Automated Recyclable Contamination Detection in Industrial Processing Facilities
The following is my very first research project, which attempts to use deep-learning to automate recyclable sorting. Below the abstract and implementation steps are presented. The full paper can be found here.
Waste production per capita has been consistently increasing, generating more municipal solid waste every year. Processing plants can help address this abundance by repurposing recyclables into raw materials through the use of specialized machinery and human sorters. New contamination policies, however, call for cleaner raw materials, thereby requiring additional processing time, making it more challenging for facilities to recycle profitably. Items that previously could have been recycled are now being directly sent to landfills, exacerbating the global landfill crisis. Additionally, there are concerns for human sorters with respect to operating efficiency and health care (pathogen exposure and hearing loss). To address these issues, a deep-learning-based system capable of real-time segmentation and contamination detection was created.
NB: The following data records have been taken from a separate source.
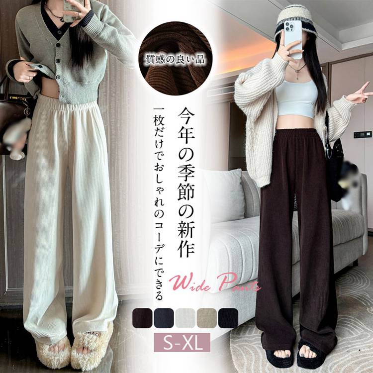 先着限定1980円/パンツ レディース 秋 リブ ワイドパンツ 縦ライン 高見え リブパンツ イージーパンツ ロング丈 シンプル 無地 楽ちん ズボン ウエストゴム 低身長 高身長 ゆったり 大きい
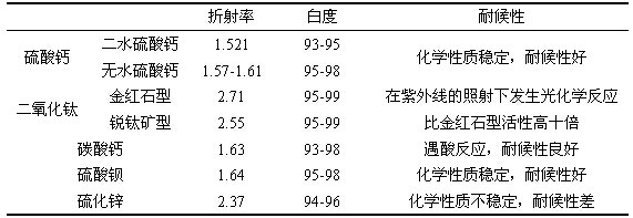 硫酸鈣具有的高白度、良好的流動性、凝膠性、親水性和耐候性使的其在建筑涂層行應用的很廣泛。硫酸鈣同碳酸鈣、二氧化鈦、硫酸鋇、硫化鋅、氧化鋅等作為白色體質(zhì)顏料在涂料、塑料、橡膠、造紙、油墨等中應用。其中在涂料中應用顏料的光學性質(zhì)比較重要,如折射率、光澤度、和耐候性。表4是常用幾種白色顏料的部分性質(zhì)。
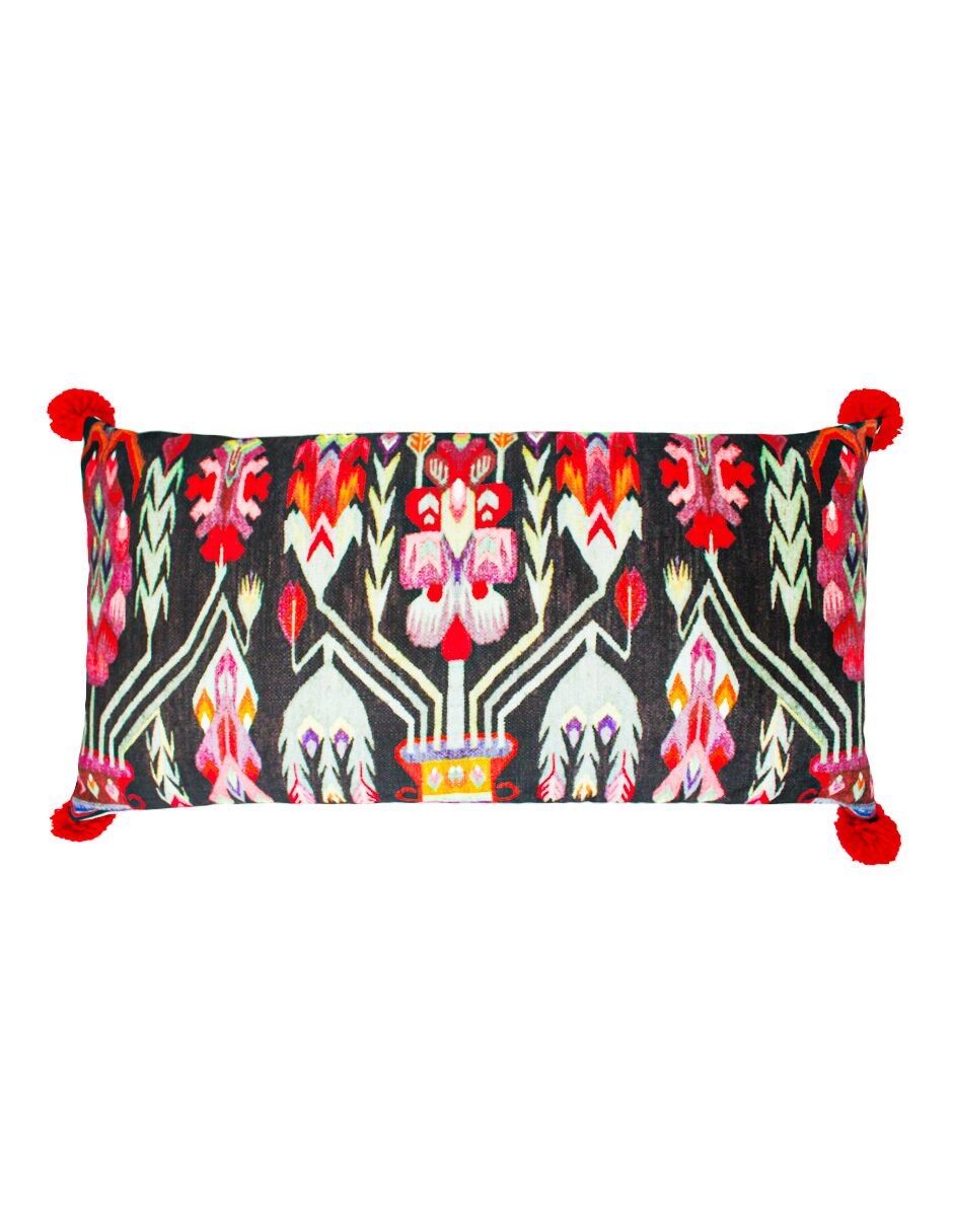 Cojín estampado negro con flores verde rojas con pompones rojos de 30X60cm 100 % Polyester
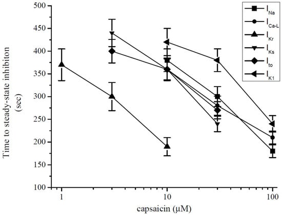 Relationship between time to reach steady-state maximal inhibition and capsaicin concentration for INa, IL-Ca, IKr, IKs, Ito, and IK1 (each data point indicates mean ± SEM from 5–7 cells). Steady-state level was determined when three consecutive data points had the same (within the 97%) values.
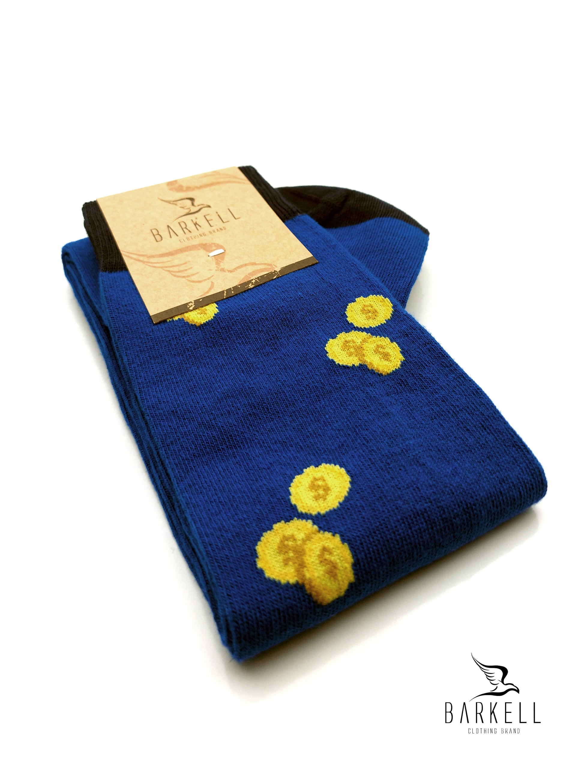 Calza Lunga Sotto il Ginocchio di Alta Qualità Made in Italy in 95% Cotone e 5% Elastan fondo Blu Royal con fantasia Money e Porcellino.
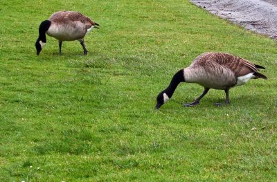 For anyone planting a lawn, these geese were especially worrisome! They considered any seeds their personal lunch buffet! I learned that they would only go after the seeds lying on the surface. Even just a fourth inch of topsoil covering the seed would keep them from being interested.
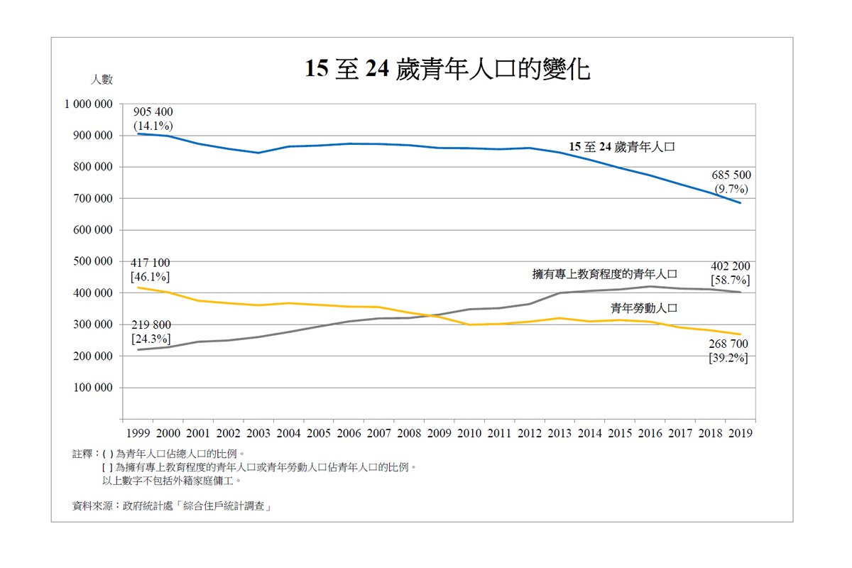 1999至2019年期間,本港15至24歲青年人口減少了219,900人,平均每年下降1.4%。2019年青年人口有685,500人,佔總人口僅9.7%,遠低於1999年的14.1%。
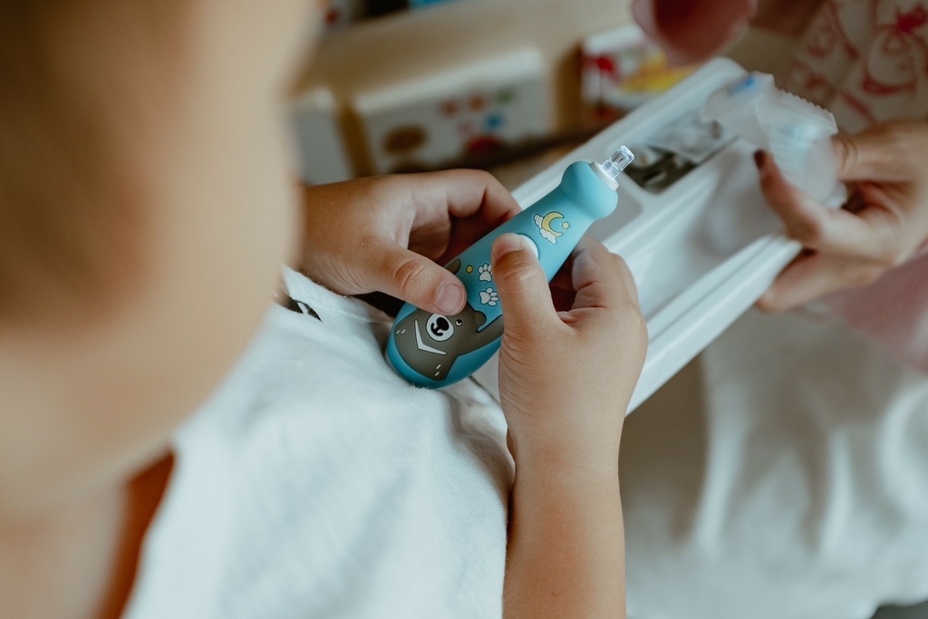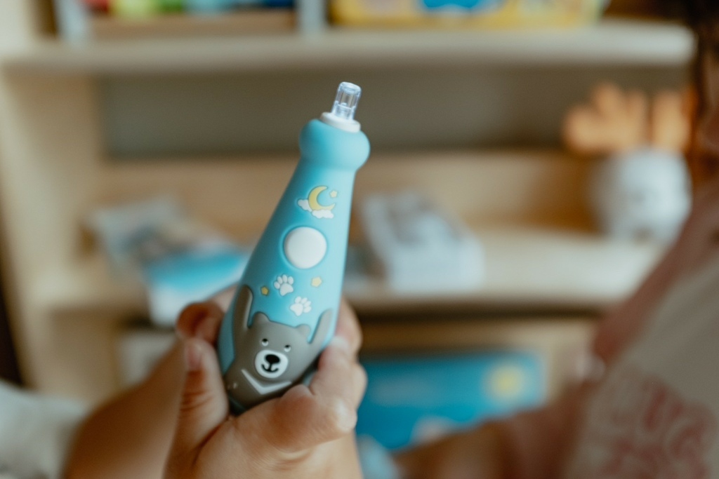 \ 媽媽先帶著他使用看看,感受震動的強度 /
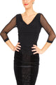 Draped Neckline Top With Tulle Sleeves (M) (Black)
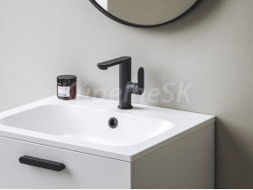 Stojanková umývadlová batéria Chrome II s bočnou pákou, bez výpustu. V čiernom prevedení. Funkcia EcoFlow, ktorá šetrí spotrebu vody.

In order to build a dataset, conveyor belt streams containing a variety of recyclables were recorded directly overhead at sixty frames per second. Using the VGG Image Annotation tool, each item present in a given frame was segmented and classified as contamination or non-contamination. A pretrained Mask-RCNN, a convolutional neural network optimized for instance segmentation tasks, was finetuned over this footage for 1000 iterations. In early-stage testing with a smaller-line containing only high-density polyethylene (e.g. milk and detergent containers), the model was capable of identifying and segmenting nearly all items at the same rate as humans (~1.3 seconds). Further, the model was 96.1% accurate in detecting total contamination, a metric higher than that of human sorters. These results indicate that the system has the potential to be deployed to active processing plants.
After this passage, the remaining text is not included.